Message boards : Technical News : Database Shuffle (Jul 12 2012)

Author Message
Profile Matt Lebofsky
Volunteer moderator
Project administrator
Project developer
Project scientist
Avatar
Send message
Joined: 1 Mar 99
Posts: 1391
Credit: 74,079
RAC: 10
United States
Message 1259580 - Posted: 12 Jul 2012, 20:13:42 UTC

There has been all kinds of slow shuffling behind the scenes lately, but the bottom line is: paddym is now our new master science database server, having taken over all duties from oscar! The final switchover process was over the past few days (hence some minor workunit shortages) and had the usual expected unexpected issues slowing us down yesterday (a comment in a config file that actually wasn't acting like a comment, and some nfs issues).

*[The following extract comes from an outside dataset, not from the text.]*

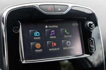 Amit kívül könnyű elrejteni, bent azért látszik. Az aktuális Clio beltere végtelenül egyszerű, mégsem unalmas. Aki nem szereti az érintőkijelzőket, annak rossz hír, hogy már a legolcsóbb változatba is jár egy vékony tapicskolható felület, de inkább az a 7 colos, Media Nav jellemző, amit a tesztautóban is láttunk - ez LG termék, NNG-fejlesztésű navival. Nem idegesítően lassú, elfogadhatóan működik a navigáció. A drágább verziókban vicces az R-Link rendszer hangmodulátora, amellyel komolyabb autók előre rögzített motorhangját szólaltathatjuk meg gázadáskor.
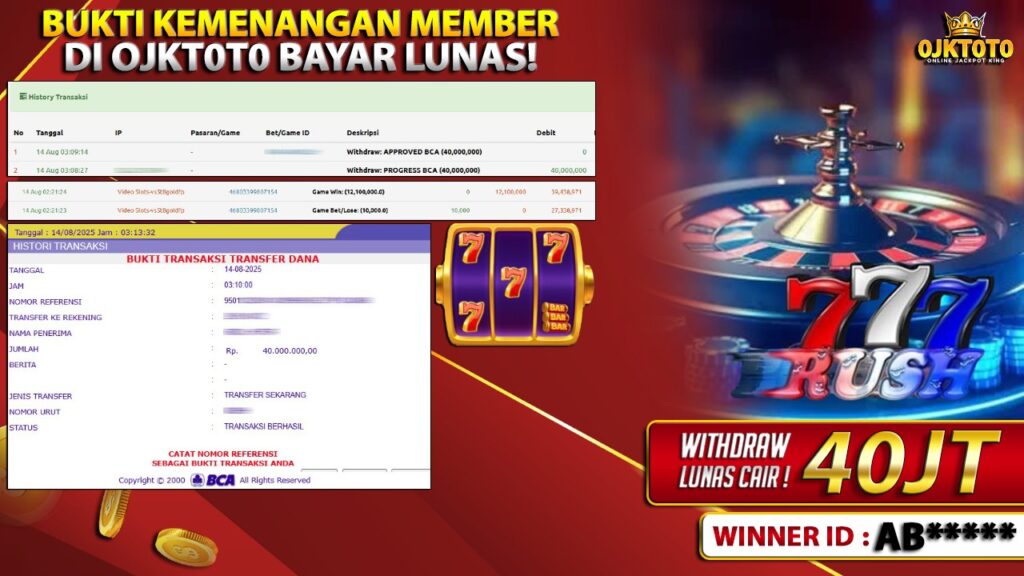 Bandar togel OJKTOTO merupakan bandar togel dan slot online yang membayar semua kemenangan member hingga lunas. Setiap pembayaran pada situs kami dilakukan dengan cara transfer ke rekening tujuan yang sudah di daftarkan pada situs togel online kami, Pembayaran hanya dapat di proses jika rekening yang di daftarkan telah valid dan dapat di transfer. Semua kemenangan member yang mendapatkan hadiah jackpot terbesar akan kami posting agar semua pemain dapat melihat bandar situs terpercaya OJKTOTO ini membayar semua kemenangan member hingga lunas. Setiap postingan yang kami posting akan kami lakukan sensor pada nomor rekening 4 digit dan nama rekening untuk menjaga privasi dan kerahasiaan member. Postingan Jackpot yang kami posting agar member atau pemain yang belum pernah bermain bisa melihat bandar togel Bukan Kaleng Kaleng Seperti OJKTOTO ini, Semua postingan jackpot yang kami posting dapat di lihat data keasliannya melalui nomor reff yang di tunjukan pada bank atau mbanking saat kita melakukan transfer.

What we gain using paddym is a faster system in general, with more disk spindles (which enhances read/write i/o), a much faster (and more usable) hardware RAID configuration, and most importantly a LOT more disk space to play with. We have several database tables that are actually fragmented over several tables - now we have the extra room to merge these tables together again (something that several database cleaning projects have been waiting on for months). And, the extra disk i/o seems to help - a full database backup yesterday took about 7 hours. On oscar it usually took about 40.

So that's all good news, and thanks again to the GPU User's Group gang who helped us acquire this much needed gear! And lest we forget as an added bonus we now have oscar up for grabs in our server closest - it will become a wonderful compute server, among other things.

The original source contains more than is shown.